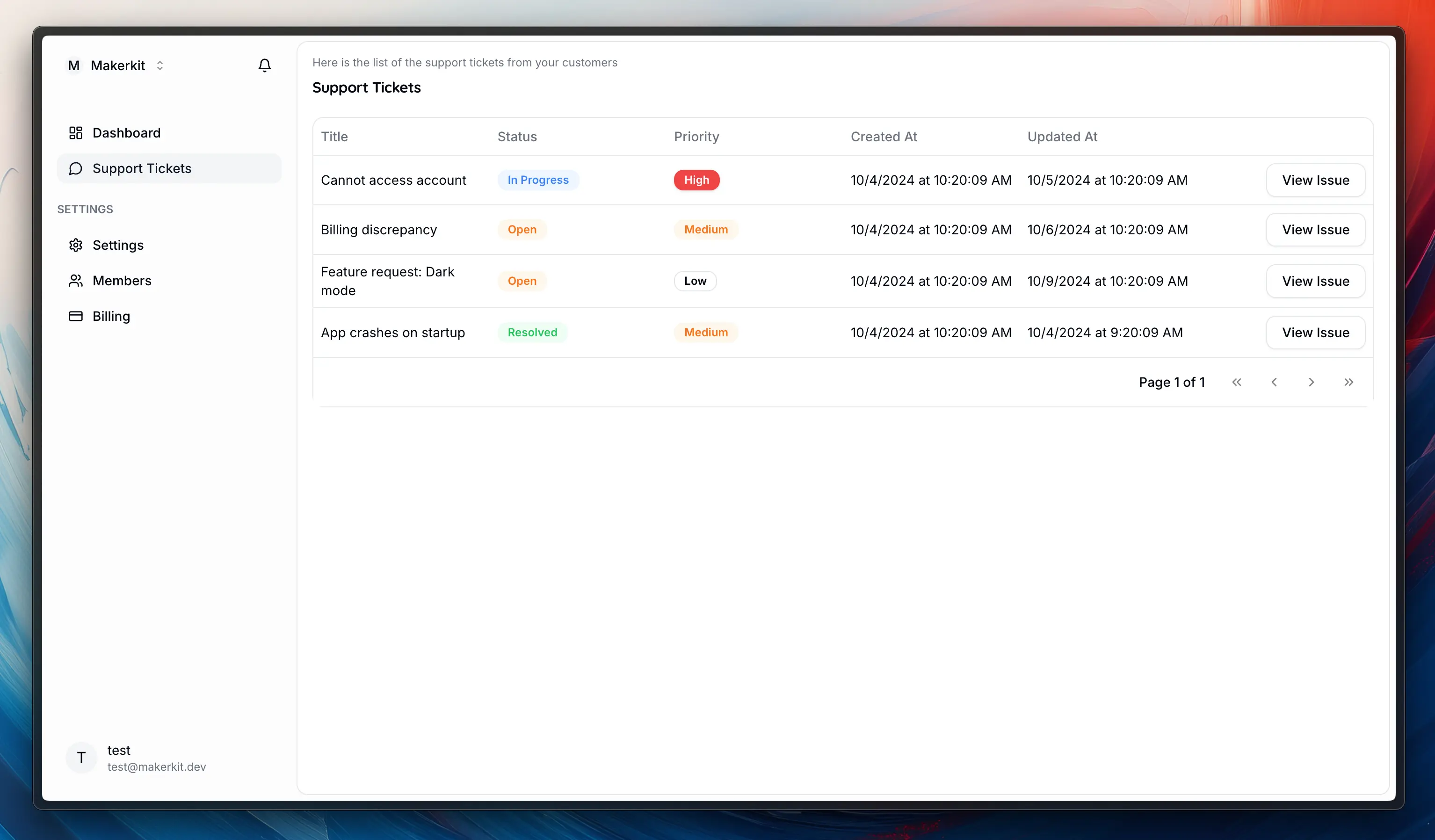 - Support Tickets List: A page for team accounts where support agents can view new support tickets.
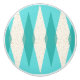 This Mid Century Modern Argyle Ceramic Pull features a vibrant, turquoise background and a pattern of mod, translucent teal diamonds overlaying larger, vintage cream diamonds with gold coloured, space age speckles. This minimalist inspired, deconstructed argyle is a simplistic throwback of the larger than life atomic era that dominated the decorating landscape of the 1950s and 1960s. This kitschy design is reminiscent of everything from retro Palm Springs’ bowling alley signs to the television trays you used at your grandma’s house.
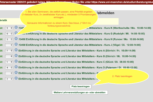 Sie sollten sich bei der Anmeldung zu einer Lehrveranstaltung innerhalb eines bestimmten Moduls unbedingt zugleich auch für die anderen noch angebotenen Lehrveranstaltungen im selben Modul unter Angabe entsprechender Prioritäten anmelden. Sollten Sie nämlich in der Lehrveranstaltung, für die Sie sich bevorzugt anmelden wollen und beispielsweise die Priorität 1 angegeben haben, keinen Platz erhalten, so werden Sie nach den von Ihnen angegebenen Prioritäten einer der anderen Lehrveranstaltungen im selben Modul zugewiesen. Wenn Sie hingegen keine Priorität bei der Kursanmeldung angeben und sich nur für eine Lehrveranstaltung innerhalb eines Moduls anmelden, kann es vorkommen, dass Sie zu keiner Lehrveranstaltung in dem betreffenden Modul zugelassen werden, falls Sie für die gewählte Lehrveranstaltung keinen Platz erhalten sollten. Wenn Sie für alle Lehrveranstaltungen in einem Modul bei der Anmeldung Prioritäten vergeben, sollte demzufolge der Fall, dass Sie für eine Lehrveranstaltung in einem bestimmten Modul überhaupt keinen Platz erhalten, nicht eintreten. Es kann allerdings sein, dass Sie mit der Teilnahme an einer Lehrveranstaltung mit niedrigerer Priorität vorliebnehmen müssen.
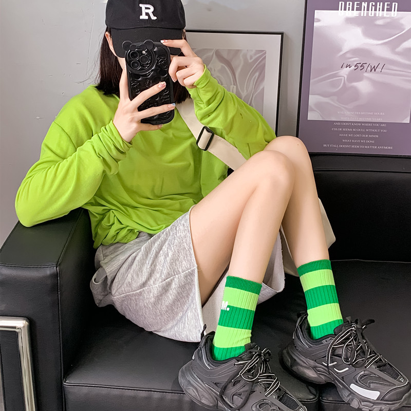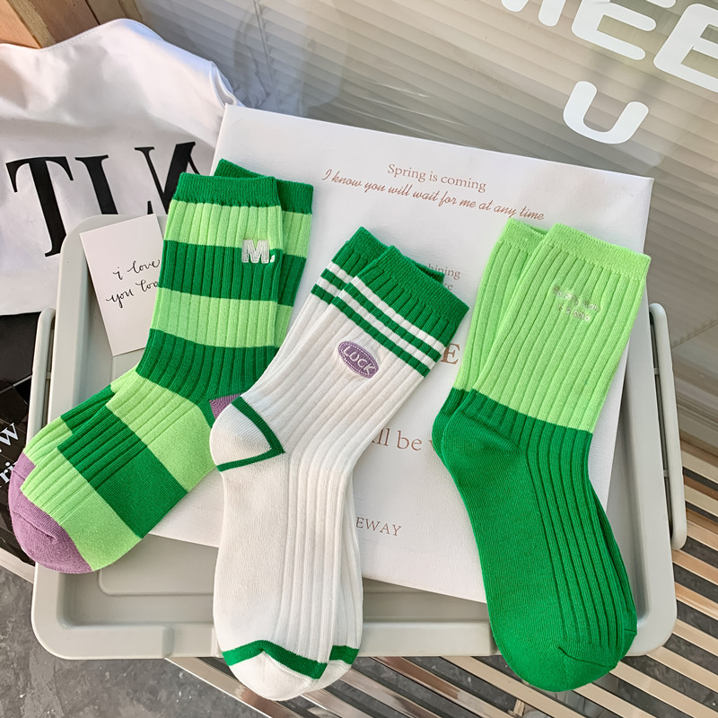 더블 니들 자수-그린 스타일 양말 여성용 중간 길이 양말 봄과 여름 스트라이프 대조 색상 긴 튜브 면 양말 인스 타 그램 인기 스타일스토어 가기
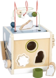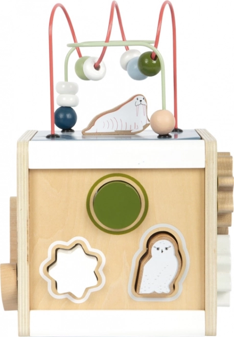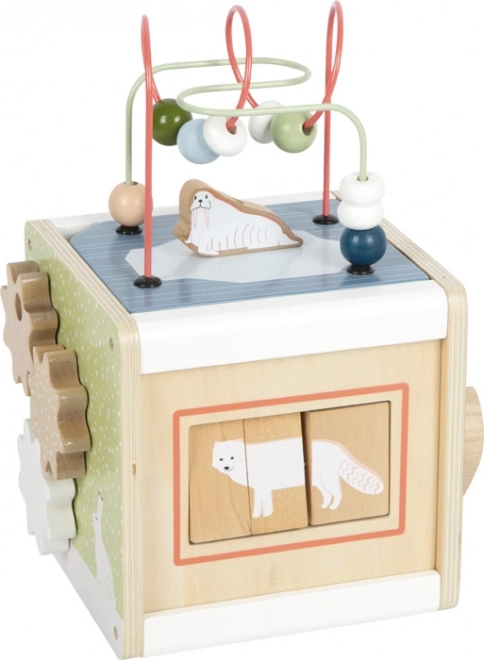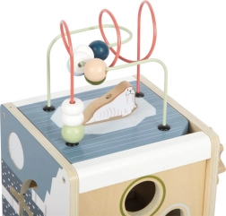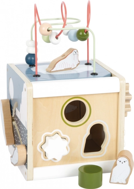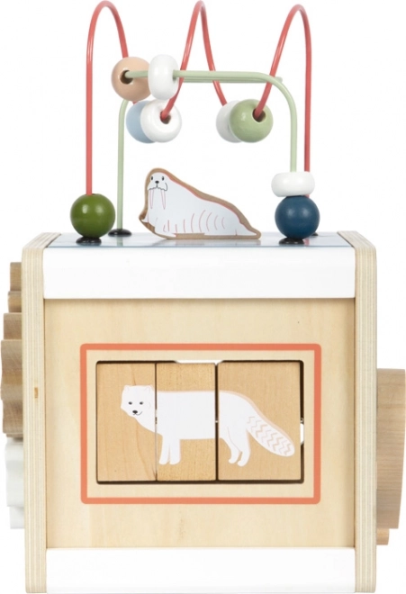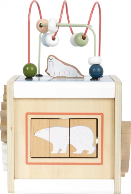 Ova višenamjenska motorička kocka s motivima arktičkih životinja (polarni medvjed, tuljan, morž i drugi) promišljena je edukativna igračka za djecu od 12 mjeseci. Zahvaljujući dvjema stazama s perlicama, umetalici oblika, kliznim labirintima, rotirajućim pločicama i zupčanicima, djeca razvijaju koordinaciju oko–ruka, strpljenje i prostorno opažanje. Odvojivi poklopac omogućuje jednostavno spremanje dijelova u unutarnji prostor.
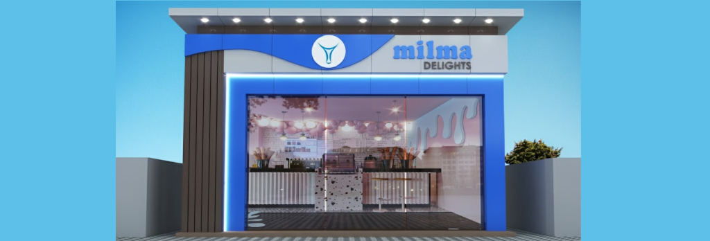 - Concept :Full-format experience centre with packaged and scooped ice cream, shakes,tea/coffee, snacks from Milma-approved vendors, and dairy retail
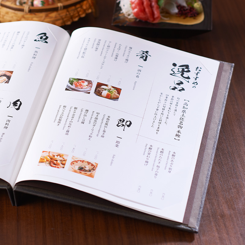 ロゴ印刷(カラー印刷 題箋貼り) メニューブックにお店のロゴを入れる「オリジナルロゴ印刷」です。※発送目安:レイアウトご承認後約8営業日
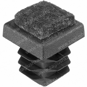 Заглушка пластиковая для труб квадратного сечения с габаритами 15x15 мм и толщиной стенки 0.8-2.5 мм. Заглушка внутренняя, с рёберной конструкцией заходящей части. Рёбра обеспечивают надёжное крепление заглушки внутри профильной трубы. Изделие, как правило, используется в качестве ножки/опоры мебели на металлокаркасе (стулья, столы, кровати, различное производственное и медицинское оборудование и др.). В комплекте с заглушкой поставляется самоклеящаяся фетровая подкладка, которая защищает напольное покрытие о царапин.
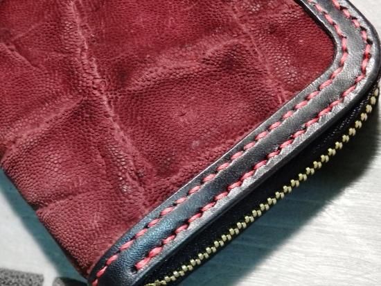 ゾウ革を使用したラウンドジップコインケースのオーダーを頂きました。
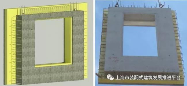 一体化的预制夹心墙板集成了结构、外饰面、保温、节能副框、以及外遮阳构件等,解决了门窗、墙体渗水,外保温、外饰面砖脱离等建筑质量通病,实现外墙保温与结构同等寿命。
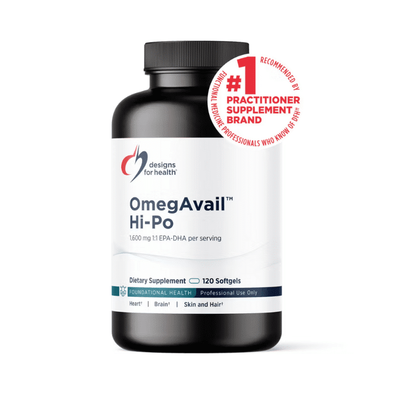 OmegAvail™ Hi-Po by Designs for Health is a high-potency omega-3 supplement that supports cardiovascular health, cognitive function, and overall well-being.
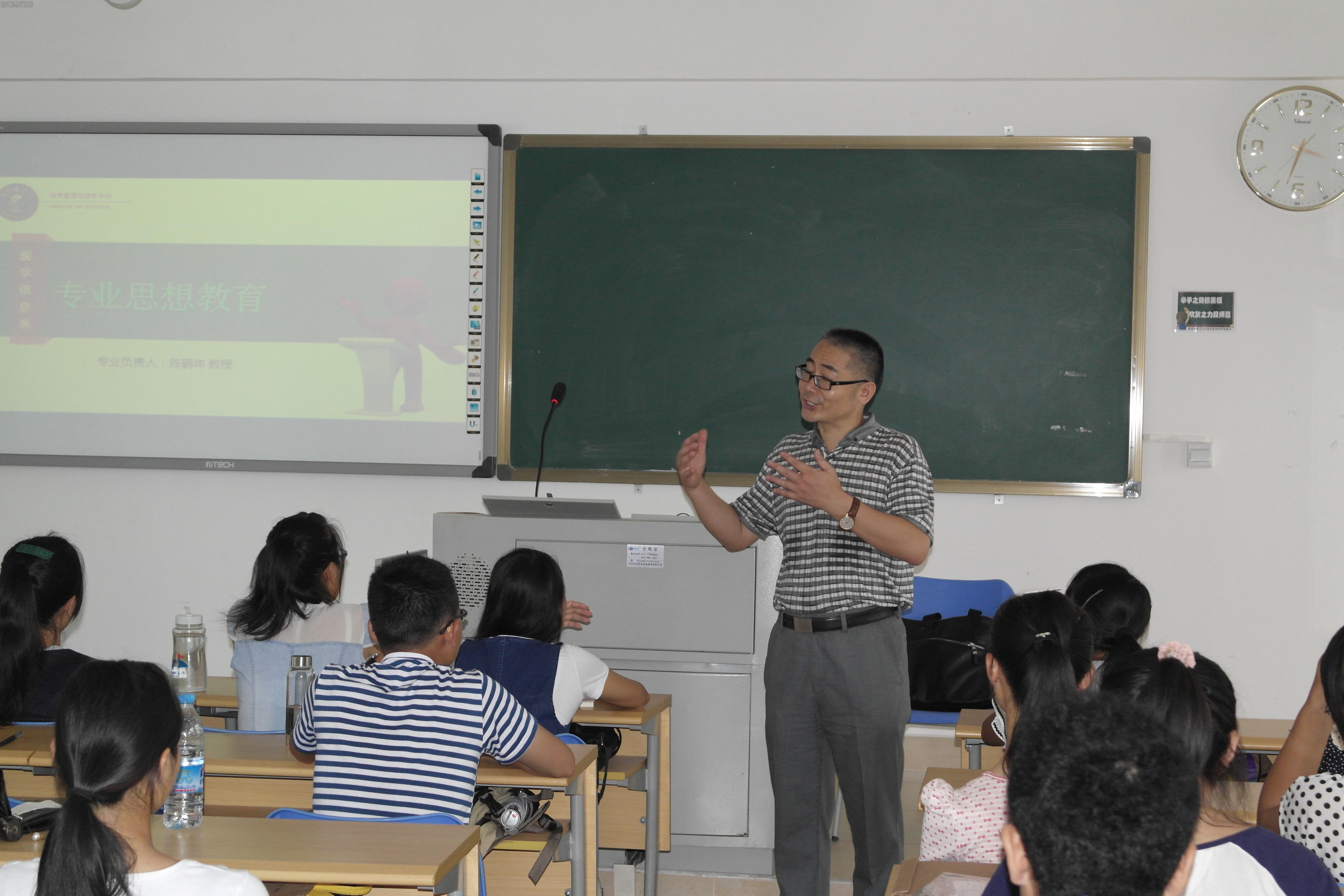 为使新生深入了解所学专业,激发他们的学习热情,9月18日下午,信息技术部(医学信息系)在4-301教室举行了专业思想教育讲座。讲座由系专业负责人陈鹤年教授主讲。系党总支赵志勇书记、辅导员吕倜然老师以及2014级全体新生参加了本次讲座。

+ + + + +

> [Exercise directions]: From the records above, transcribe only the stretch from the line with "Ova višenamjenska motorička" through the line with "OmegAvail™ Hi-Po by", keeping both ends. Omit pictures.

> [Answer box]:
 Ova višenamjenska motorička kocka s motivima arktičkih životinja (polarni medvjed, tuljan, morž i drugi) promišljena je edukativna igračka za djecu od 12 mjeseci. Zahvaljujući dvjema stazama s perlicama, umetalici oblika, kliznim labirintima, rotirajućim pločicama i zupčanicima, djeca razvijaju koordinaciju oko–ruka, strpljenje i prostorno opažanje. Odvojivi poklopac omogućuje jednostavno spremanje dijelova u unutarnji prostor.
 - Concept :Full-format experience centre with packaged and scooped ice cream, shakes,tea/coffee, snacks from Milma-approved vendors, and dairy retail
 ロゴ印刷(カラー印刷 題箋貼り) メニューブックにお店のロゴを入れる「オリジナルロゴ印刷」です。※発送目安:レイアウトご承認後約8営業日
 Заглушка пластиковая для труб квадратного сечения с габаритами 15x15 мм и толщиной стенки 0.8-2.5 мм. Заглушка внутренняя, с рёберной конструкцией заходящей части. Рёбра обеспечивают надёжное крепление заглушки внутри профильной трубы. Изделие, как правило, используется в качестве ножки/опоры мебели на металлокаркасе (стулья, столы, кровати, различное производственное и медицинское оборудование и др.). В комплекте с заглушкой поставляется самоклеящаяся фетровая подкладка, которая защищает напольное покрытие о царапин.
 ゾウ革を使用したラウンドジップコインケースのオーダーを頂きました。
 一体化的预制夹心墙板集成了结构、外饰面、保温、节能副框、以及外遮阳构件等,解决了门窗、墙体渗水,外保温、外饰面砖脱离等建筑质量通病,实现外墙保温与结构同等寿命。
 OmegAvail™ Hi-Po by Designs for Health is a high-potency omega-3 supplement that supports cardiovascular health, cognitive function, and overall well-being.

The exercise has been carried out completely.